'''
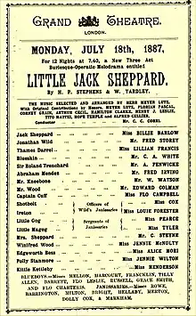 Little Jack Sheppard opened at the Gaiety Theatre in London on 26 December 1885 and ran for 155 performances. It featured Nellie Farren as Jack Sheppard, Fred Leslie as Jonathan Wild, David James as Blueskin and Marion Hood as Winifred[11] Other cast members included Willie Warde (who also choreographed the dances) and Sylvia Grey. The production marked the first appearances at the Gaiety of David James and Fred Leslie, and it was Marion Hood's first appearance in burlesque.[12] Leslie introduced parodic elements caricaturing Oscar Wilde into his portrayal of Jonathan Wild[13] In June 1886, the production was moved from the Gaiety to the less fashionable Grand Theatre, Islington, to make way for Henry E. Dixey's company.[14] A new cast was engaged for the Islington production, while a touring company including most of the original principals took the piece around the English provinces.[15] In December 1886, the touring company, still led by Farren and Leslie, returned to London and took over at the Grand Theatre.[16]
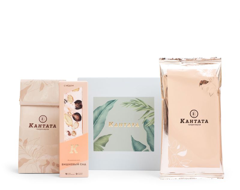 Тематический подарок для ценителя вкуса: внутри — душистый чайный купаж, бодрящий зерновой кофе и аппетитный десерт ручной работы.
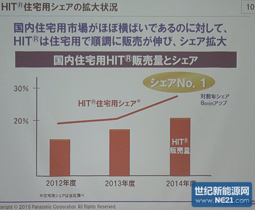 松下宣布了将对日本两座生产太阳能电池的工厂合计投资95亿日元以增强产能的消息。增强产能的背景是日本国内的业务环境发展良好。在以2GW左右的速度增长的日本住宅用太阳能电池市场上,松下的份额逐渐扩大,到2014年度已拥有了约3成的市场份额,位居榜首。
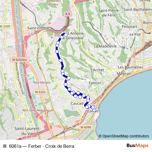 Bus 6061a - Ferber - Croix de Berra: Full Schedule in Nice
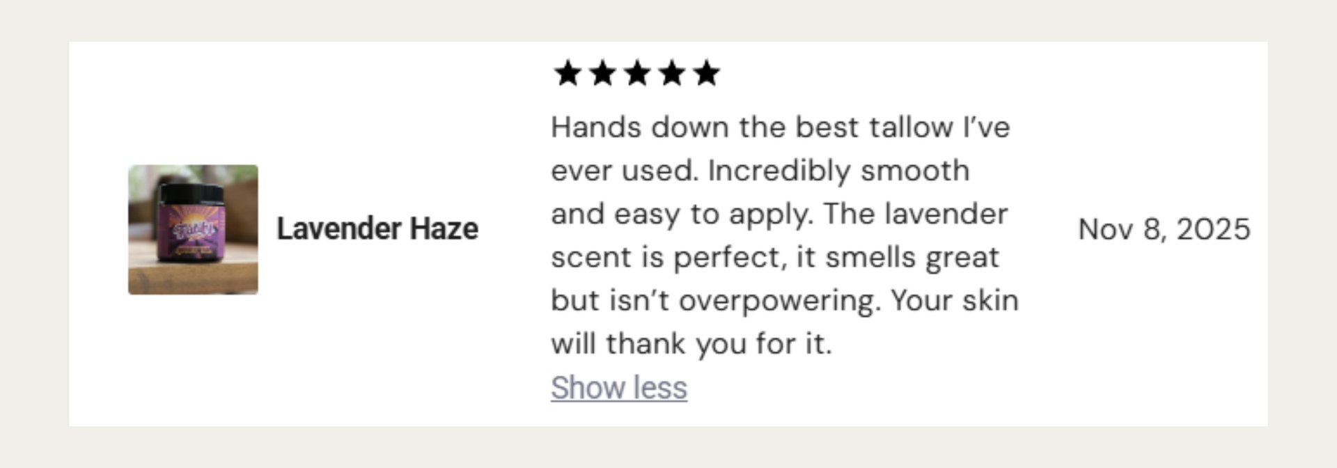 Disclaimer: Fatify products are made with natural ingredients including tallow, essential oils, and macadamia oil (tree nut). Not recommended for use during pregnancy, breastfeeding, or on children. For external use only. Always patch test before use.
'''
'''
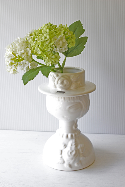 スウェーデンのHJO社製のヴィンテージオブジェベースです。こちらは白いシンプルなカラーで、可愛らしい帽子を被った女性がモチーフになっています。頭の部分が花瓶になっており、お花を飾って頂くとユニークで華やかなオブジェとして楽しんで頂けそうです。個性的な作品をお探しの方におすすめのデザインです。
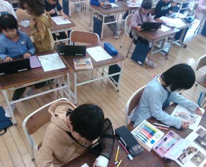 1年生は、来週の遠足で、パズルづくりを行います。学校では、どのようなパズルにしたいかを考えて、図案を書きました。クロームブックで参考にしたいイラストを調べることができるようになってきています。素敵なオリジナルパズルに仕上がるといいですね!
'''
AIM OF THE TASK: Leave the pictures out. Output, exactly, the lines of the material above starting at the line containing "Тематический подарок для" and ending at the line containing "Disclaimer: Fatify products".

SOLUTION TO THE PROBLEM:
 Тематический подарок для ценителя вкуса: внутри — душистый чайный купаж, бодрящий зерновой кофе и аппетитный десерт ручной работы.
 松下宣布了将对日本两座生产太阳能电池的工厂合计投资95亿日元以增强产能的消息。增强产能的背景是日本国内的业务环境发展良好。在以2GW左右的速度增长的日本住宅用太阳能电池市场上,松下的份额逐渐扩大,到2014年度已拥有了约3成的市场份额,位居榜首。
 Bus 6061a - Ferber - Croix de Berra: Full Schedule in Nice
 Disclaimer: Fatify products are made with natural ingredients including tallow, essential oils, and macadamia oil (tree nut). Not recommended for use during pregnancy, breastfeeding, or on children. For external use only. Always patch test before use.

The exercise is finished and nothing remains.